The listing below holds pictures; exclude them. Return exactly the lines from the one with "Mottagarantenner för ljudradio" through the one with "Doublju V-Neck Handkerchief".

§ **Record excerpts**:
○ ○ ○ ○ ○ ○ ○
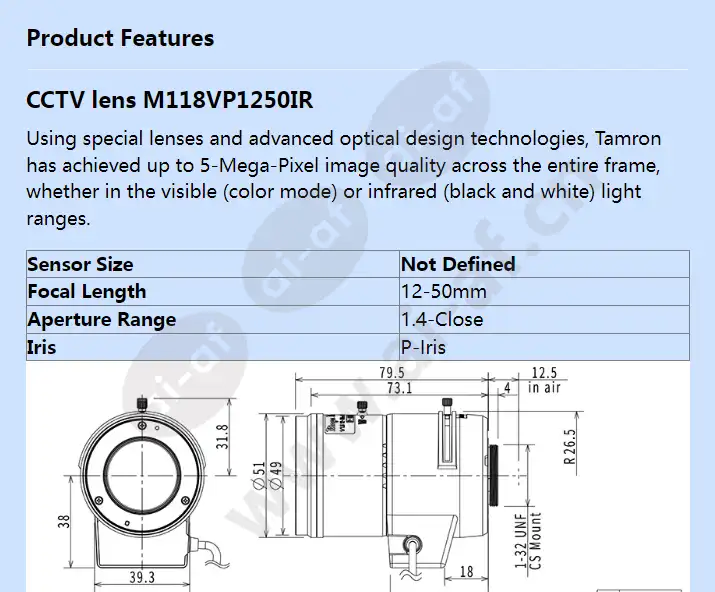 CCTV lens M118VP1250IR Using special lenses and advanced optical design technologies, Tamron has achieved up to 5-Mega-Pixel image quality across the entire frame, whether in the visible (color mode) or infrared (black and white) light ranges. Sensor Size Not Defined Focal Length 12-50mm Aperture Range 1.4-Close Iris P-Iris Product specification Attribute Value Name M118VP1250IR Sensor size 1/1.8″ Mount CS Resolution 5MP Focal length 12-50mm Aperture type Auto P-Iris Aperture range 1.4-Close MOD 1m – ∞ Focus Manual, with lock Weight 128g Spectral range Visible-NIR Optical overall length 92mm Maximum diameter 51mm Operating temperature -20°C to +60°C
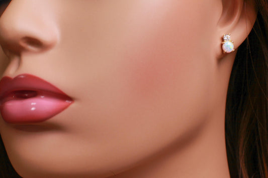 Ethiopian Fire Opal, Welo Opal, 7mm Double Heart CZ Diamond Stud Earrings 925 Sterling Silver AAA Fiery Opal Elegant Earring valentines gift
○ ○ ○ ○ ○ ○ ○
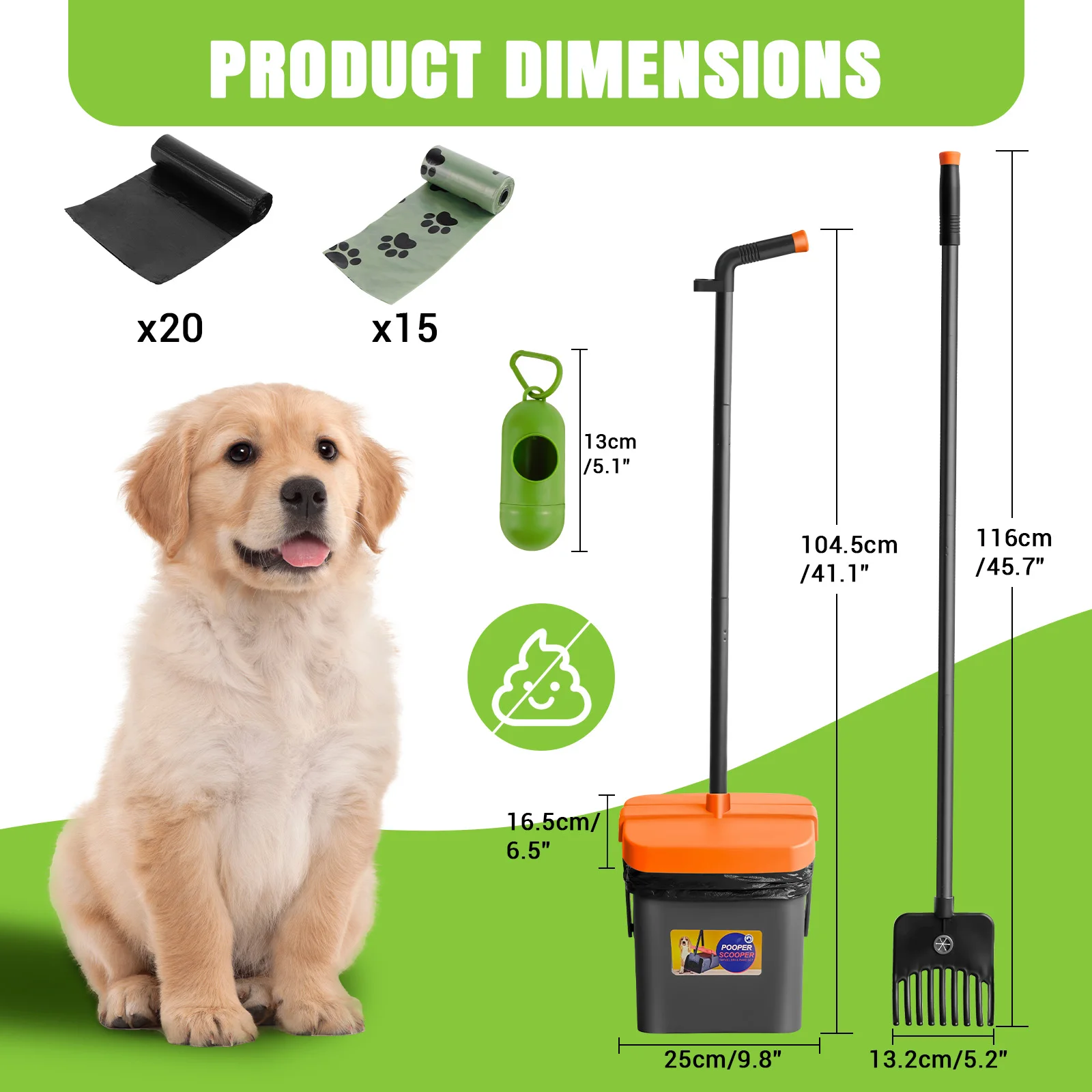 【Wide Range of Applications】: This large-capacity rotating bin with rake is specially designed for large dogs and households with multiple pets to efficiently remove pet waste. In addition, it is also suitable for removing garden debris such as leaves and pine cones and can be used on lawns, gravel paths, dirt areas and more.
○ ○ ○ ○ ○ ○ ○
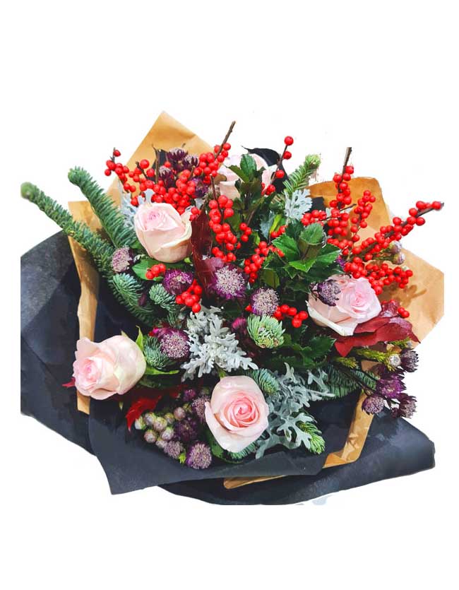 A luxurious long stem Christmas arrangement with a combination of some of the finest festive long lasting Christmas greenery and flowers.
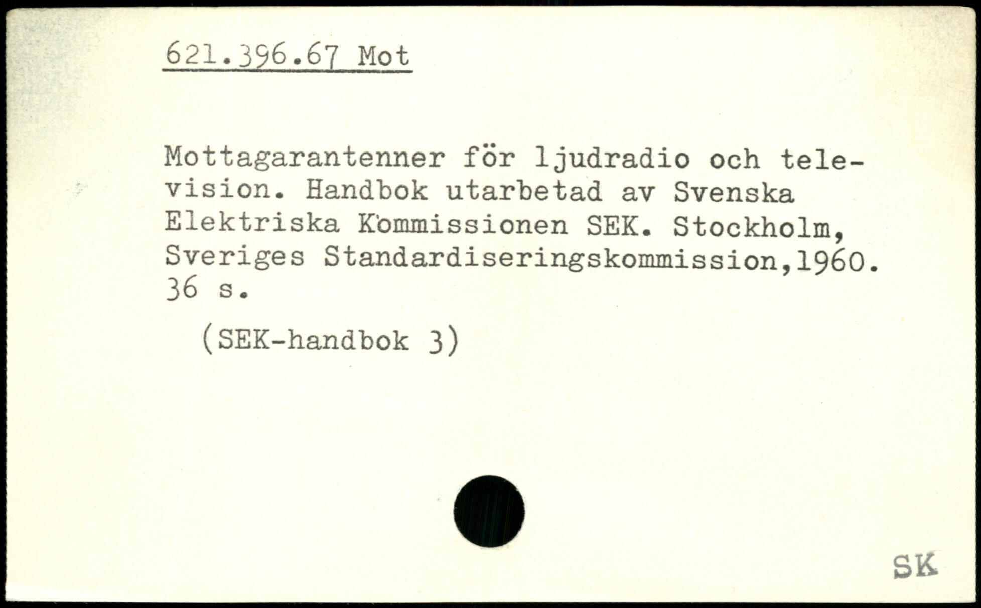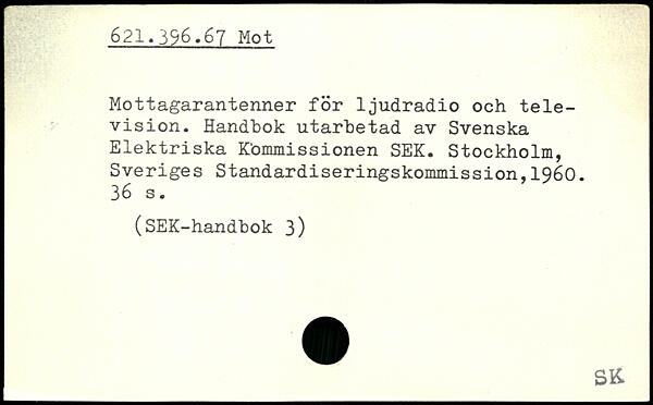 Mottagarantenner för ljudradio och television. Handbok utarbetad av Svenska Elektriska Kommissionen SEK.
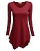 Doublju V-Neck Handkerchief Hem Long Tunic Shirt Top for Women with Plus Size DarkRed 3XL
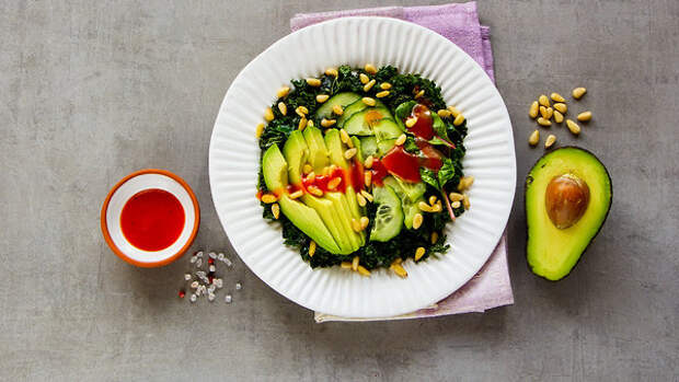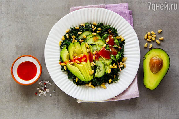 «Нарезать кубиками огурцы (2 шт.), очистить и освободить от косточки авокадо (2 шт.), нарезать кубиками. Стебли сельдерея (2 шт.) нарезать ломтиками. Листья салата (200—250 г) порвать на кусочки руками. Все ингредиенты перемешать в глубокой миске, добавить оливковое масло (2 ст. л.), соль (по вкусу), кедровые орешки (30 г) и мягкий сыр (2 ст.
○ ○ ○ ○ ○ ○ ○
§ **Written response**:
 Mottagarantenner för ljudradio och television. Handbok utarbetad av Svenska Elektriska Kommissionen SEK.
 Doublju V-Neck Handkerchief Hem Long Tunic Shirt Top for Women with Plus Size DarkRed 3XL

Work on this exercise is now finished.